How to complete this task >> A word-for-word copy of every entry below is required; the images do not belong in it.

=-=-=

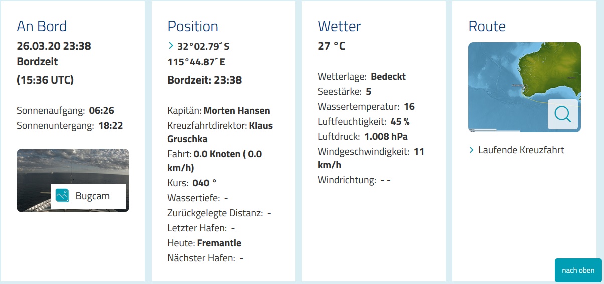 Noch vor einigen Tagen war in den australischen Zeitungen zu lesen, dass der Gouverneur des Bundesstaates West Australia wetterte, die Kriegsmarine werde die ARTANIA in nicht-australische Gewässer „begleiten“. (Diesen Ton und diese Art der Sprache kennen wir in Deutschland ja auch, nur geht es da nicht um Kreuzfahrtpassagiere, sondern um Flüchtlinge und Asylsuchende.)
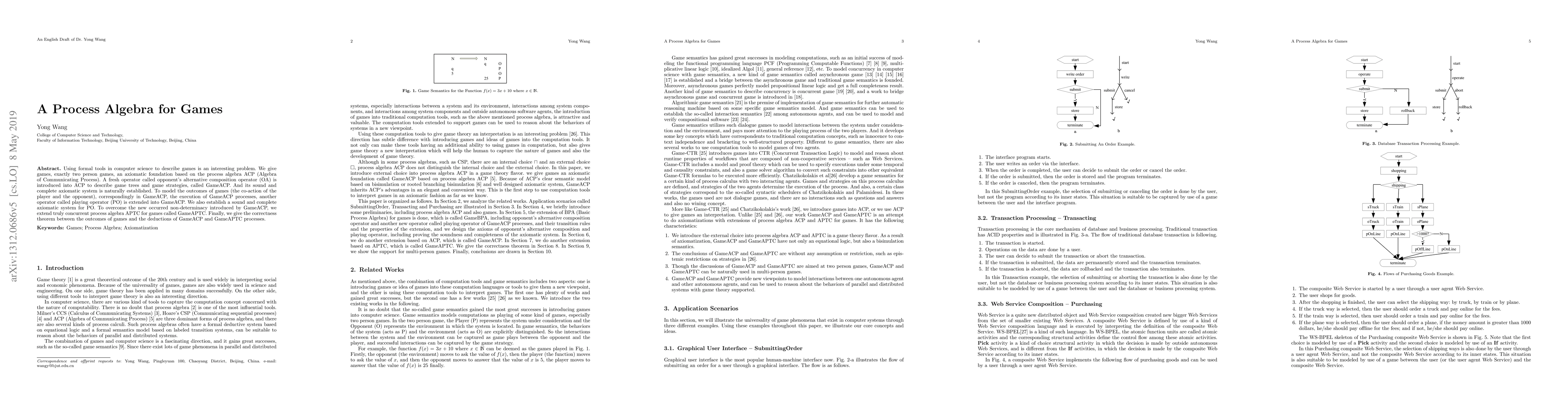 Using formal tools in computer science to describe games is an interesting problem. We give games, exactly two person games, an axiomatic foundation based on the process algebra ACP (Algebra of Communicating Process). A fresh operator called opponent's alternative composition operator (OA) is introduced into ACP to describe game trees and game strategies, called GameACP. And its sound and complete axiomatic system is naturally established. To model the outcomes of games (the co-action of the player and the opponent), correspondingly in GameACP, the execution of GameACP processes, another operator called playing operator (PO) is extended into GameACP. We also establish a sound and complete axiomatic system for PO. To overcome the new occurred non-determinacy introduced by GameACP, we extend truly concurrent process algebra APTC for games called GameAPTC. Finally, we give the correctness theorem between the outcomes of games and the deductions of GameACP and GameAPTC processes.
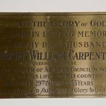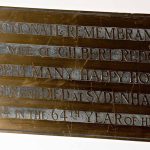 A brass on the south wall (organ chamber) beneath a lancet stained glass window. Not in Burial Register.
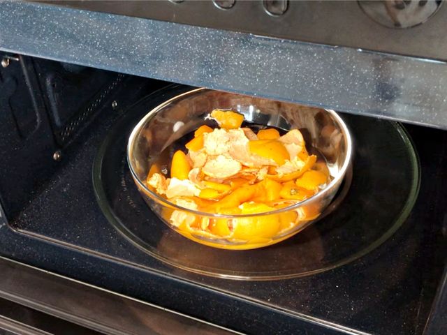 그릇에 물과 귤껍질을 담아 전자레인지에서 5분 정도 돌려보세요.
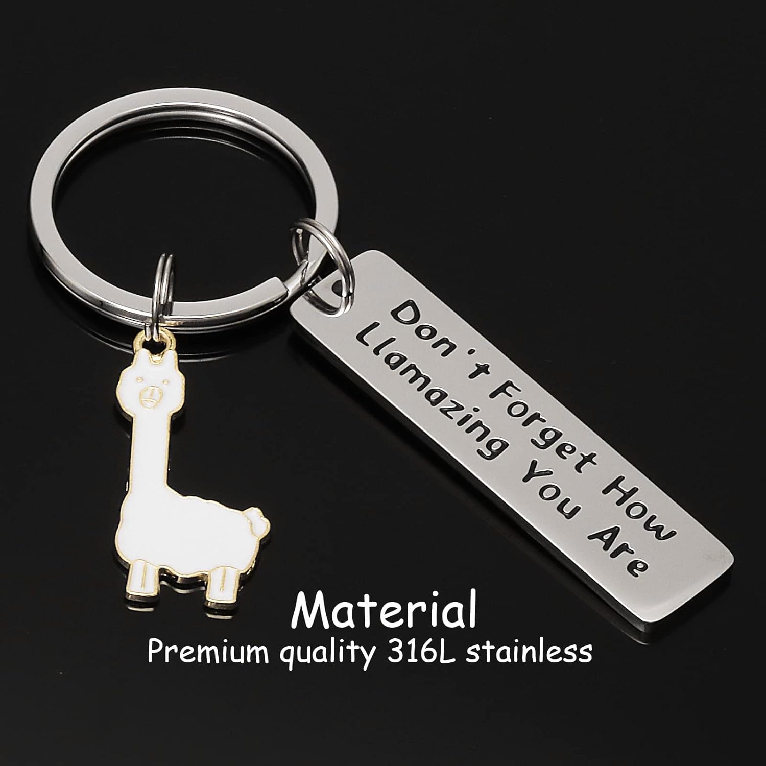 This adorable Llama Keychain is crafted from premium 316L stainless steel, making it a durable and stylish accessory for animal lovers. Engraved with the uplifting phrase “never forget how llamazing you are,” it serves as a daily reminder to embrace joy and fun in life. Perfect for everyday use or as a thoughtful gift for any occasion.
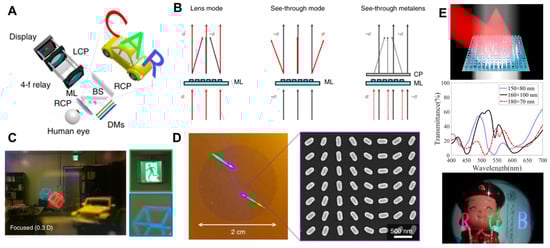 - Liu, Z.; Chen, Y.; Zhang, Q.; Gao, X.; Wang, L. Metasurface Enabled Augmented Reality Display: A Review. Adv. Photonics 2023, 5, 034001. [Google Scholar] [CrossRef]
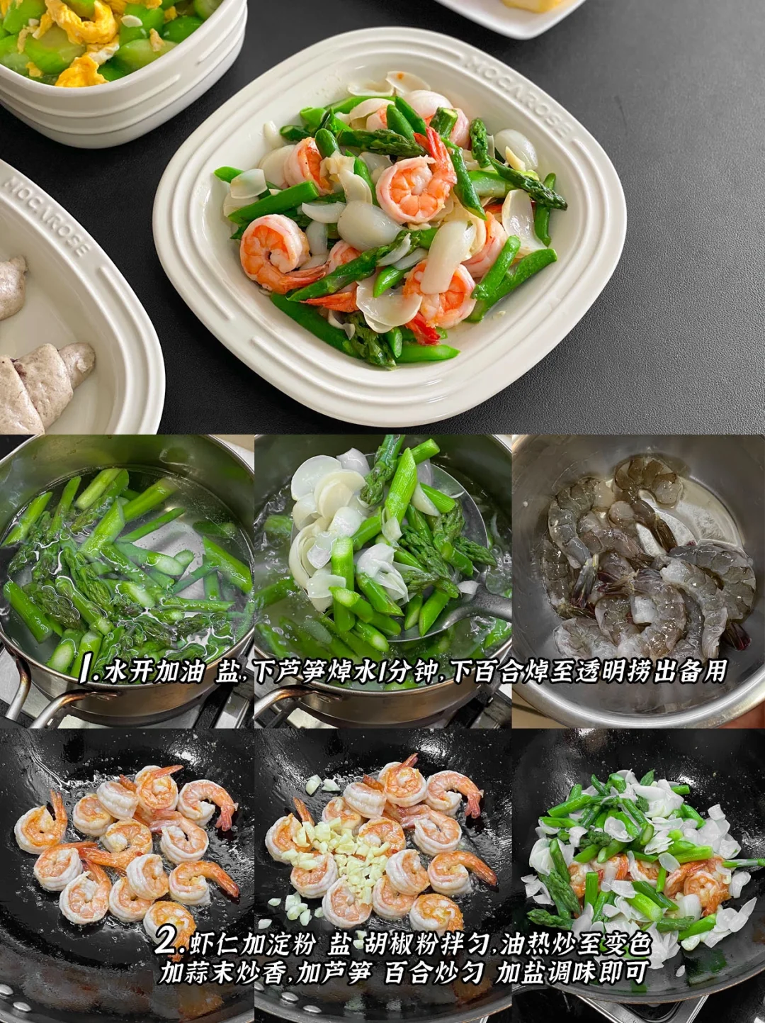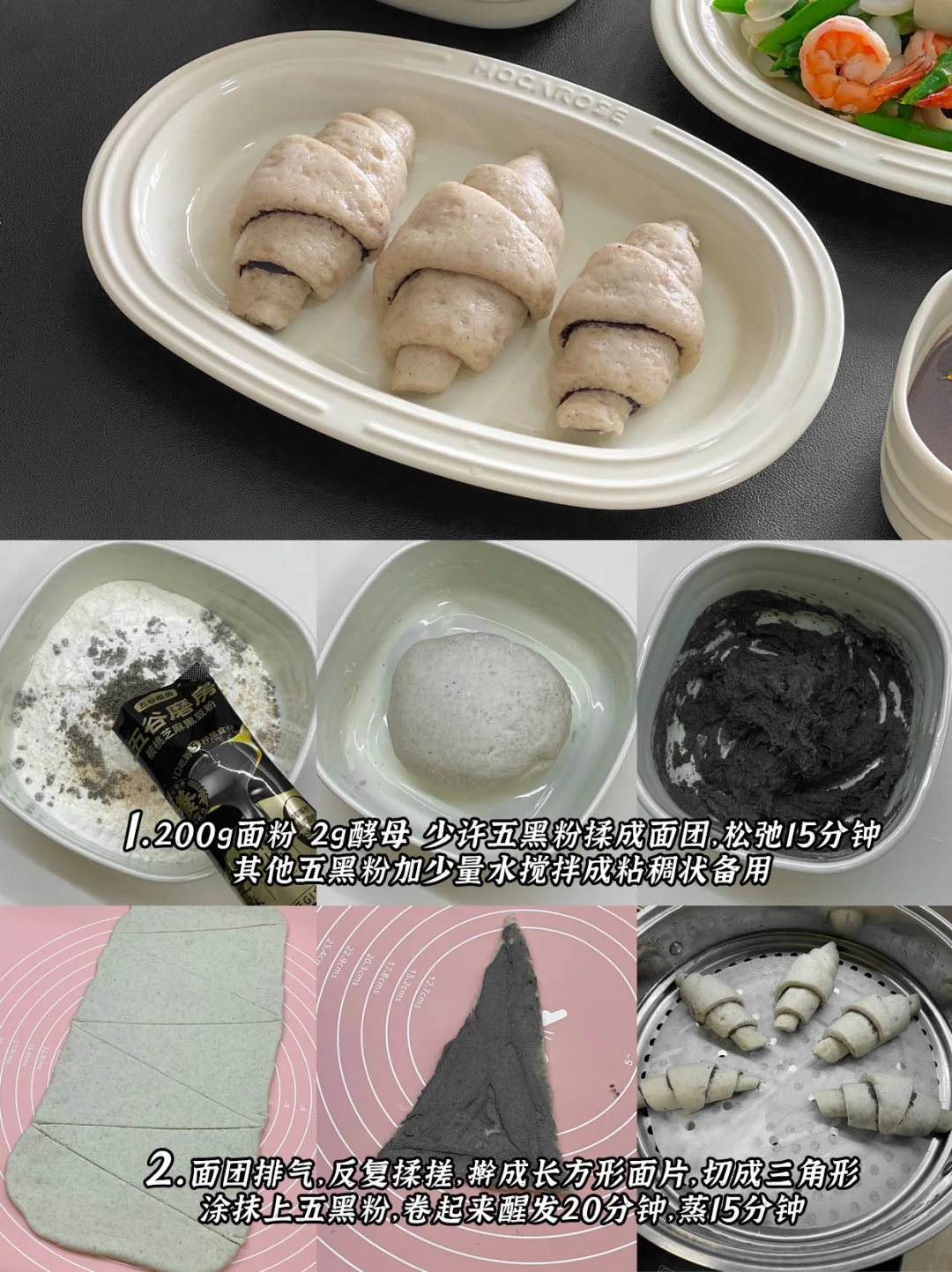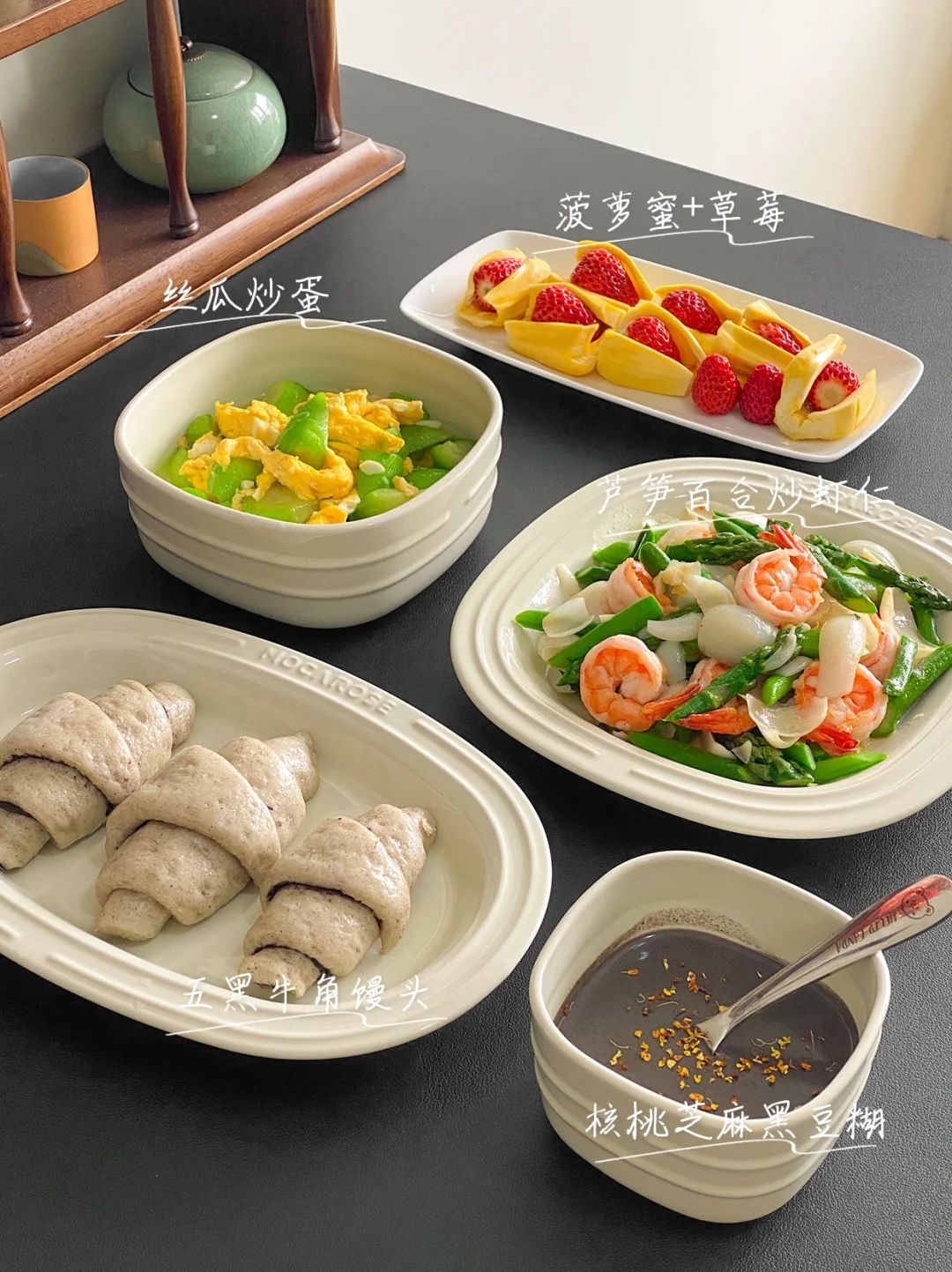 1️⃣核桃芝麻黑豆糊+黑芝麻牛角馒头+芦笋虾仁+丝瓜炒蛋
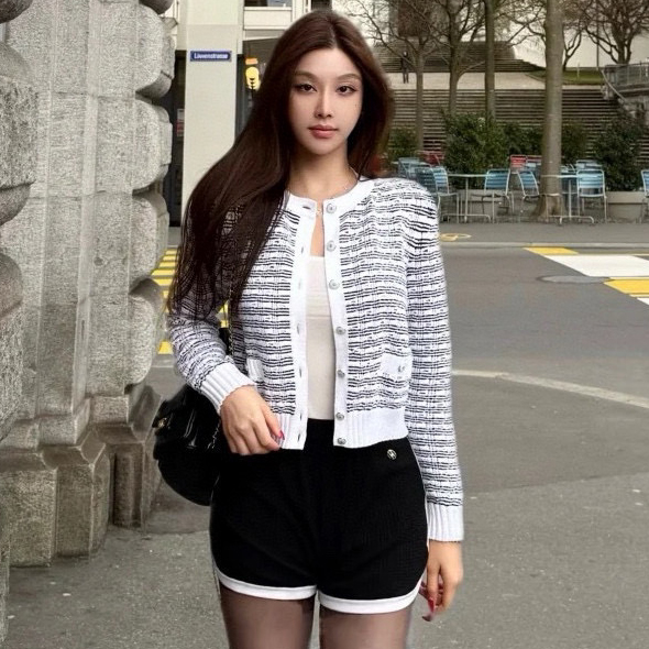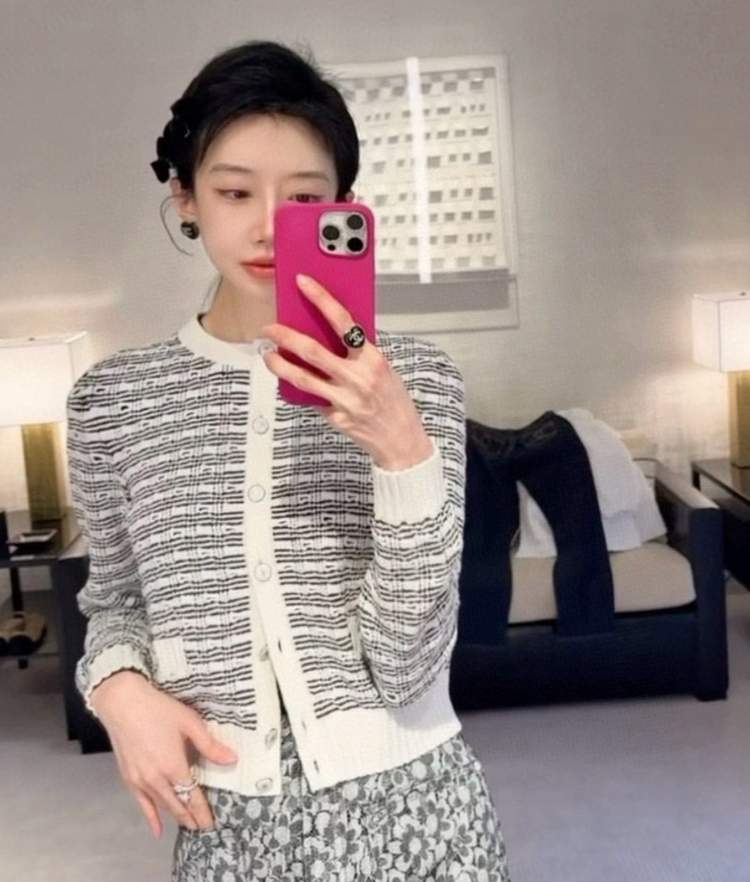 NIGO Chanel Women's Fall/Winter Fashion Casual Crew Neck Single Button Pure Cotton Yarn Long Sleeve Diamond Pattern Cardigan #nigo78937
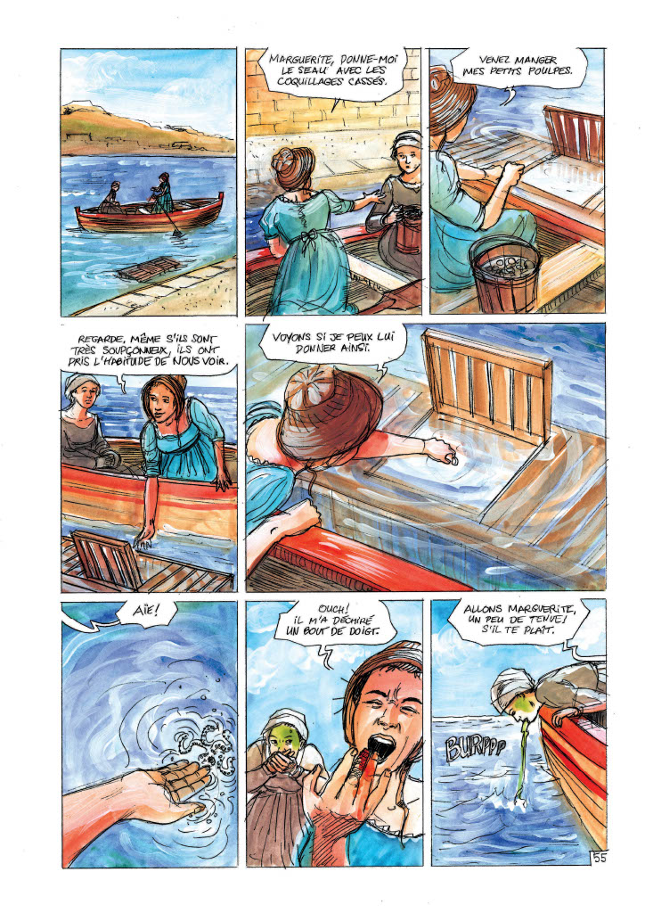 Planche de la bande dessinée de Yannick Lelardoux sur Jeanne Villepreux-Power, pionnière de la biologie marine et qui invente l’aquarium

=-=-=

Answer space >>
 Noch vor einigen Tagen war in den australischen Zeitungen zu lesen, dass der Gouverneur des Bundesstaates West Australia wetterte, die Kriegsmarine werde die ARTANIA in nicht-australische Gewässer „begleiten“. (Diesen Ton und diese Art der Sprache kennen wir in Deutschland ja auch, nur geht es da nicht um Kreuzfahrtpassagiere, sondern um Flüchtlinge und Asylsuchende.)
 Using formal tools in computer science to describe games is an interesting problem. We give games, exactly two person games, an axiomatic foundation based on the process algebra ACP (Algebra of Communicating Process). A fresh operator called opponent's alternative composition operator (OA) is introduced into ACP to describe game trees and game strategies, called GameACP. And its sound and complete axiomatic system is naturally established. To model the outcomes of games (the co-action of the player and the opponent), correspondingly in GameACP, the execution of GameACP processes, another operator called playing operator (PO) is extended into GameACP. We also establish a sound and complete axiomatic system for PO. To overcome the new occurred non-determinacy introduced by GameACP, we extend truly concurrent process algebra APTC for games called GameAPTC. Finally, we give the correctness theorem between the outcomes of games and the deductions of GameACP and GameAPTC processes.
 A brass on the south wall (organ chamber) beneath a lancet stained glass window. Not in Burial Register.
 그릇에 물과 귤껍질을 담아 전자레인지에서 5분 정도 돌려보세요.
 This adorable Llama Keychain is crafted from premium 316L stainless steel, making it a durable and stylish accessory for animal lovers. Engraved with the uplifting phrase “never forget how llamazing you are,” it serves as a daily reminder to embrace joy and fun in life. Perfect for everyday use or as a thoughtful gift for any occasion.
 - Liu, Z.; Chen, Y.; Zhang, Q.; Gao, X.; Wang, L. Metasurface Enabled Augmented Reality Display: A Review. Adv. Photonics 2023, 5, 034001. [Google Scholar] [CrossRef]
 1️⃣核桃芝麻黑豆糊+黑芝麻牛角馒头+芦笋虾仁+丝瓜炒蛋
 NIGO Chanel Women's Fall/Winter Fashion Casual Crew Neck Single Button Pure Cotton Yarn Long Sleeve Diamond Pattern Cardigan #nigo78937
 Planche de la bande dessinée de Yannick Lelardoux sur Jeanne Villepreux-Power, pionnière de la biologie marine et qui invente l’aquarium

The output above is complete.